- [WORK REQUEST] Write the listing below out again exactly, dropping the images.

- [DATASET SECTION]
· · ·
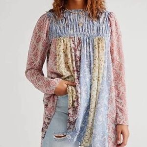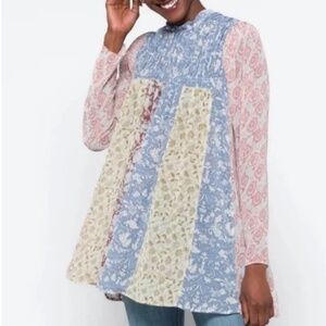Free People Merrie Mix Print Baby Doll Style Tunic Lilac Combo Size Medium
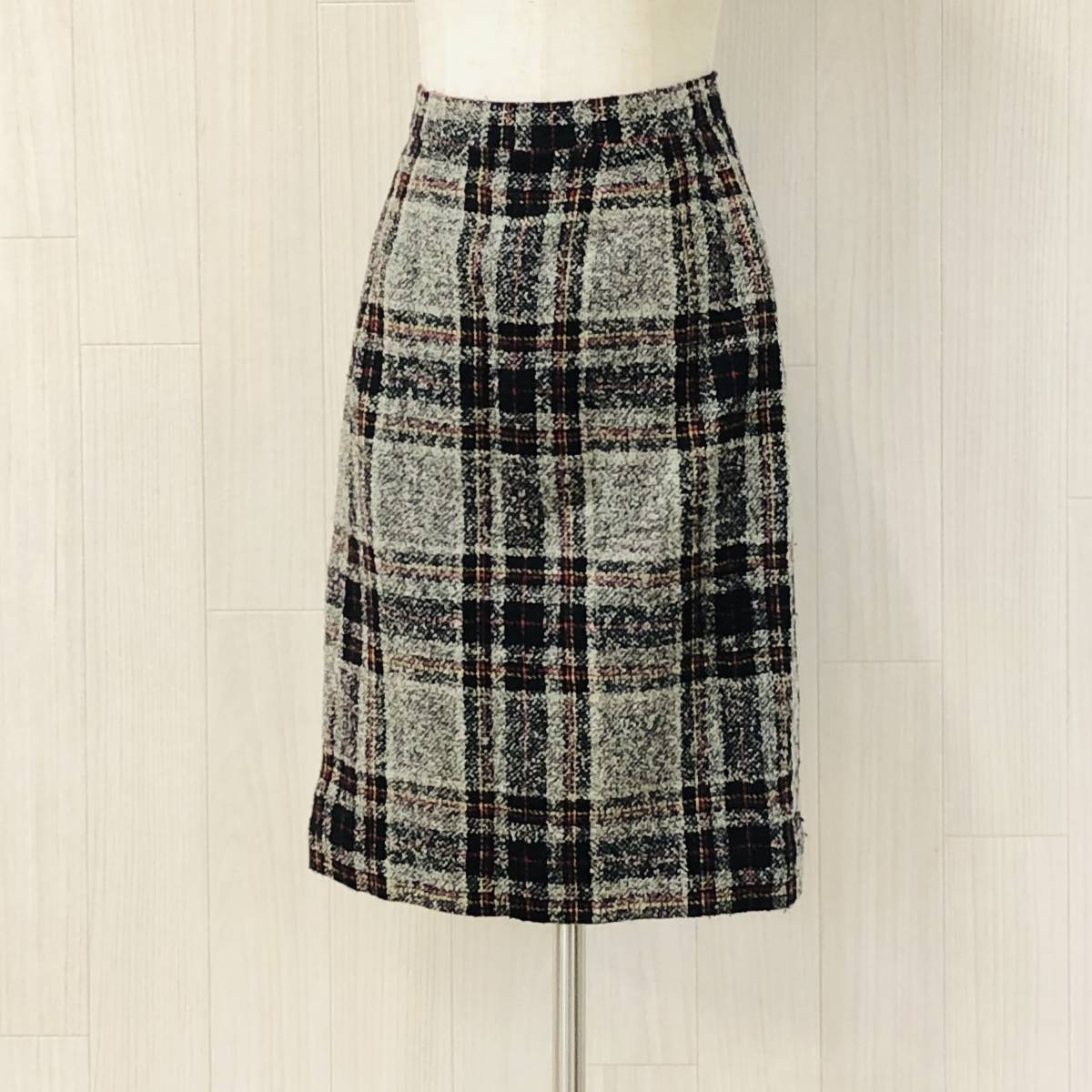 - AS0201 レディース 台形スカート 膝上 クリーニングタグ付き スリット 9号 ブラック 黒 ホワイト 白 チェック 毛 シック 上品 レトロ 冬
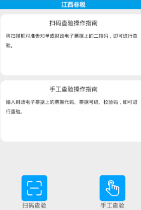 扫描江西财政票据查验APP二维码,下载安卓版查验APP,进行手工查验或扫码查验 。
· · ·
- [FINAL ANSWER]
Free People Merrie Mix Print Baby Doll Style Tunic Lilac Combo Size Medium
 - AS0201 レディース 台形スカート 膝上 クリーニングタグ付き スリット 9号 ブラック 黒 ホワイト 白 チェック 毛 シック 上品 レトロ 冬
 扫描江西财政票据查验APP二维码,下载安卓版查验APP,进行手工查验或扫码查验 。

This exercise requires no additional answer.